I have been keeping this shabby little corner of the intrawebthing-a-me running for nearly four years now & on my own bandwidth continually rambled like some incontinent old Major about the decline of dear Blighty, the emasculation of Her Majesty’s subjects & the seemingly irrevocable slide of society into a morass of mejaar mandated mediocrity. Indeed, to continue the military metaphor to at least the end of this paragraph, it was George MacDonald Fraser’s brilliant character, Brigadier General Sir Harry Paget Flashman VC, KCB KCIE, who once lamented that the days had long passed when if anyone dared lay a finger on a stout bulldog, the (British) lion roared once, then pounced. From political correctness & the all pervasive nanny state, through multiculturalism to Euro-emasculation, once Great Britain now staggers on like a mortally wounded old bull elephant.

The British are a bastard race & therein was their strength. Since Erik the Semi-literate first stated recording our history on sun dried pigs bladder parchment, it has been the our ability to assimilate other peoples & customs, either through conquest or through trade, which has given this country its greatness. How else would a rather small wet & unpromising island in the North Atlantic amass an empire that covered a quarter of the world’s landmass, some ten million square miles & comprised at its peak, some 400 million people?
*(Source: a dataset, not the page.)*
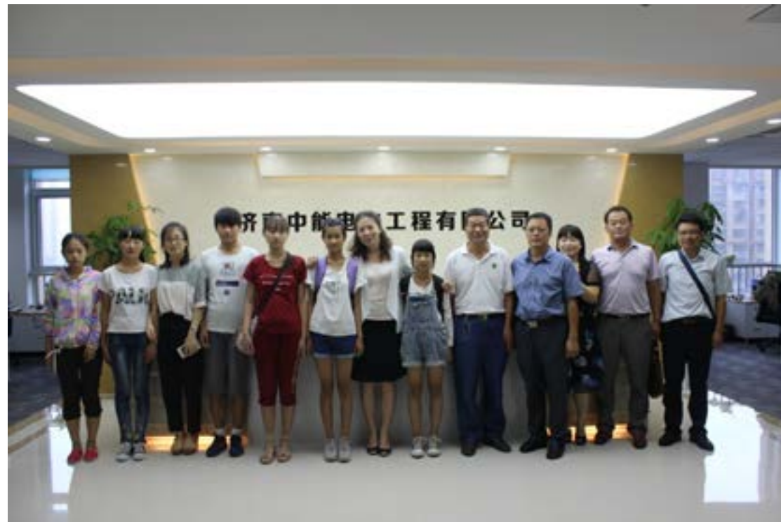
中能、中实易通与校长、孩子们合影

目前，孩子们都已开始新学期的学习和生活，最小的孩子也已升入初中。与孩子们六年的相伴，看到孩子们茁壮健康的成长，对此付出每一份力量的中能人表示：我们不求回报，只希望孩子们在成长的道路上能少一些坎坷，多一份真情，茁壮健康成长，将来做一个对社会有贡献的人。
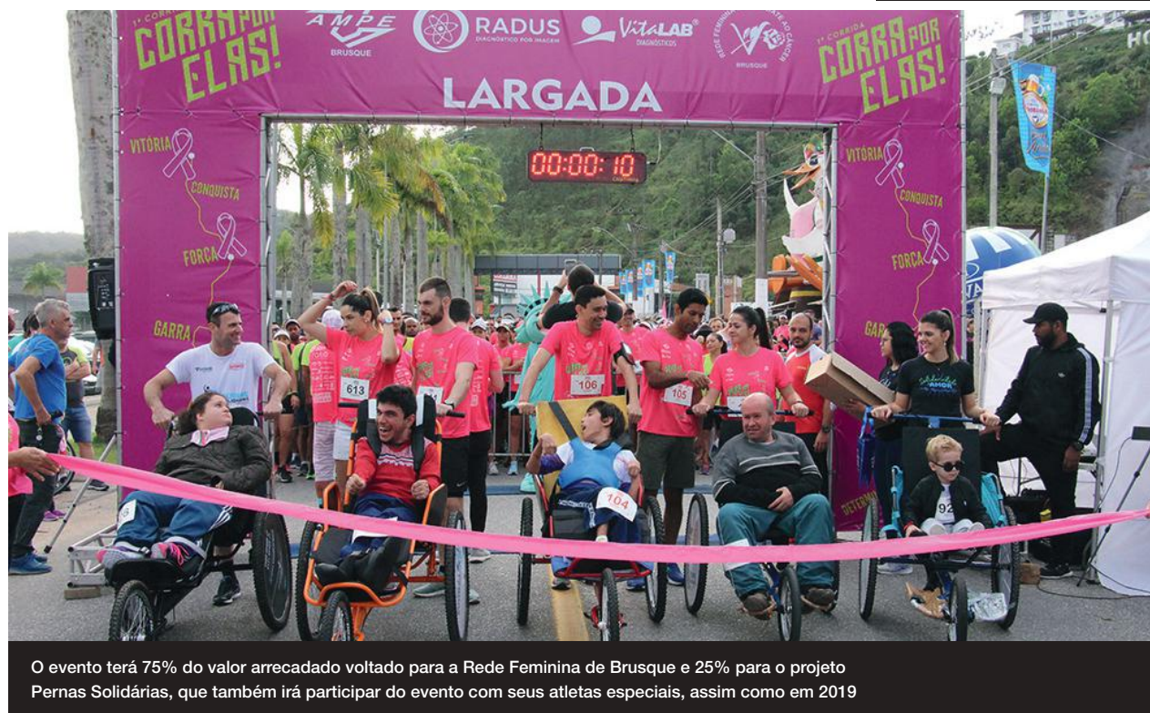
O evento terá 75% do valor arrecadado voltado para a Rede Feminina de Brusque e 25% para o projeto Pernas Solidárias, que também irá participar do evento com seus atletas especiais, assim como em 2019

A premiação do 2º Corra Por Elas será para os cinco primeiros colocados na categoria geral (5km e 10km), tanto masculino como feminino, com troféus. Da mesma forma, serão premiados os

As a grand old dame once recounted to me over tea one afternoon,

We civilised a fair proportion of this earth; the remainder has yet to be civilised.

My how we laughed as we helped over selves to more lemon drizzle cake before setting off to subjugate further native lands through lethal combination of Martini Henry rifles carried at the high port, the King James Bible & well whitened pith helmets.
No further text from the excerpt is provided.